Russie : Pogrome à Moscou17/10/20132013Journal/medias/journalnumero/images/2013/10/une2359.jpg.445x577_q85_box-0%2C104%2C1383%2C1896_crop_detail.jpg

Dans le monde

Russie : Pogrome à Moscou

C'est dans un quartier excentré du sud de Moscou, Birioulevo, une banlieue dortoir appauvrie comme il en existe beaucoup dans les grandes agglomérations de Russie, qu'un pogrome a eu lieu le 13 octobre.

Un homme, russe, y ayant été poignardé, la rumeur a désigné un suspect caucasien. La foule, regroupant près d'un millier de personnes, parmi lesquelles des nationalistes, se mit à saccager un entrepôt de fruits, tenu par des Caucasiens, où travaille le présumé meurtrier. Au passage, des émeutiers ont tabassé les présents au visage pas assez slave à leur goût.

En Russie, chaque jour, des hommes tuent ou sont tués à coups de couteau sous l'emprise de l'alcool. De tels crimes se produisant toutes les trois heures, jamais la presse n'en fait état tant c'est devenu banal. Et puis, cela reflète trop la misère sociale et morale qui frappe les classes populaires de Russie pour l'étaler au grand jour.

Mais, aux mêmes causes les mêmes effets, d'autres pogromes anti-caucasiens ont déjà embrasé des villes de province, telle Kondopoga en 2006, voire le centre de Moscou. À chaque fois, les autorités laissent faire les émeutiers. Et quand la police procède à des arrestations, elle s'en prend d'abord aux victimes, des migrants souvent en situation irrégulière.

Les autorités ont aussi l'habitude de nier le caractère raciste de ces émeutes de pauvres s'attaquant à plus pauvres qu'eux. Ainsi, ce directeur du Bureau fédéral russe des migrations qui a déclaré : « Dans le crime de Birioulevo, ni la citoyenneté, ni les nationalistes n'ont joué un rôle, et il n'y avait pas matière à cela. »

Bref : circulez, il n'y a rien à voir. Pourtant, ce que l'on voit, ce sont les groupes d'extrême droite qui paradent dans les rues, les stades, sur Internet, répandant la haine raciale. Ils forment des organisations officielles de lutte contre l'immigration – et peu leur importe qu'elle soit le fait de gens venus d'autres États de l'ex-URSS ou de régions de Russie à la population majoritairement non-slave. Ils menacent ces « étrangers » de la « colère russe », attaquent des foyers de migrants employés aux besognes les plus dures et les plus mal payées, dans le bâtiment, la voierie, sur les marchés.

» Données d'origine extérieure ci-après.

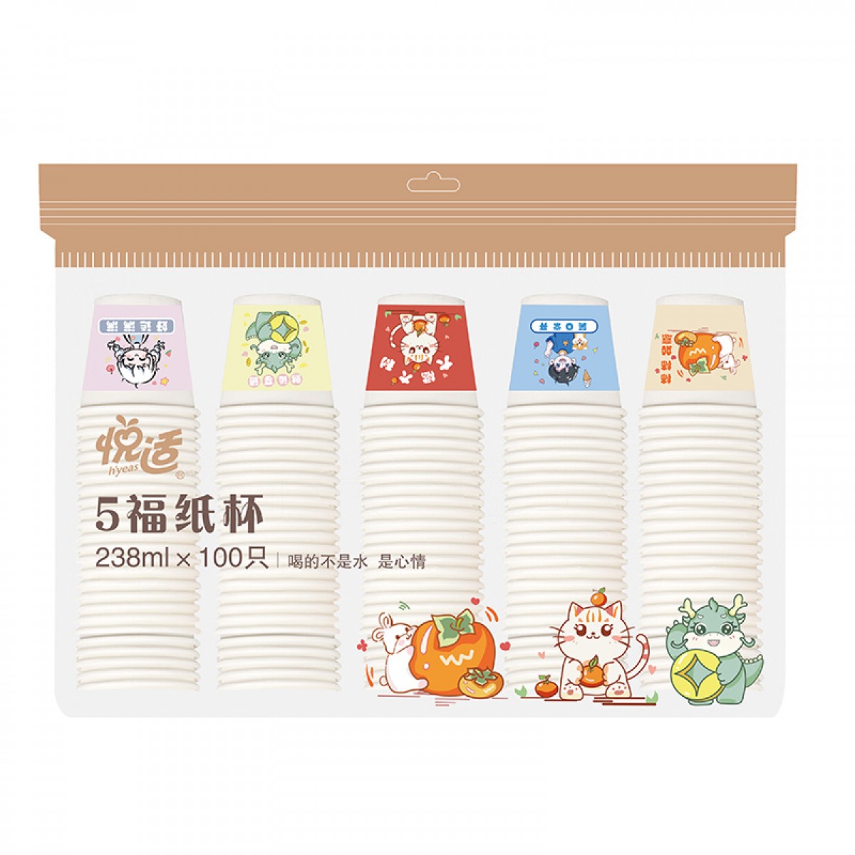 悦适 一次性纸质水杯238ml*100只*1袋 BZC100(袋装)

Jamais, ou presque, ces criminels ne sont poursuivis. Et pour cause ! Le pouvoir et l'Église orthodoxe associent souvent ces groupes à leurs manifestations patriotiques ou campagnes contre la « propagande homosexuelle ». Et puis, outre les liens étroits des services de police avec l'extrême droite, celle-ci ne peut que profiter de la débauche de discours patriotards et de dénonciations à tout propos de la « main de l'étranger » à laquelle se livre le Kremlin depuis l'arrivée de Poutine au pouvoir en 2000.

Les dirigeants russes savent quelle haine la population nourrit contre ceux qu'elle voit comme des profiteurs de son malheur, des nantis, des voleurs protégés par la police. Les propriétaires du centre de stockage de fruits de Birioulevo ont de grosses voitures, ni plus ni moins que tous les parvenus du pays ; la police prélève sa dîme pour couvrir leurs trafics ; mais, comme ils ont une origine caucasienne, la police peut laisser vandaliser leur entrepôt, après avoir indiqué que le présumé meurtrier y travaillait !

Pour le Kremlin, si la « colère populaire » doit éclater – c'est ce qu'évoque « pogrome » en russe – autant l'écarter des possédants et des privilégiés en lui désignant des boucs émissaires. Le tsarisme procédait déjà de la sorte quand sa police organisait des pogromes meurtriers contre les populations juives au début du 20e siècle.

Poutine, grand admirateur du passé tsariste, soûle la population de discours patriotiques, dans l'espoir que le poison xénophobe et chauvin lui fera oublier que c'est au pouvoir, et sous son aile, que se trouvent ses oppresseurs et ses exploiteurs.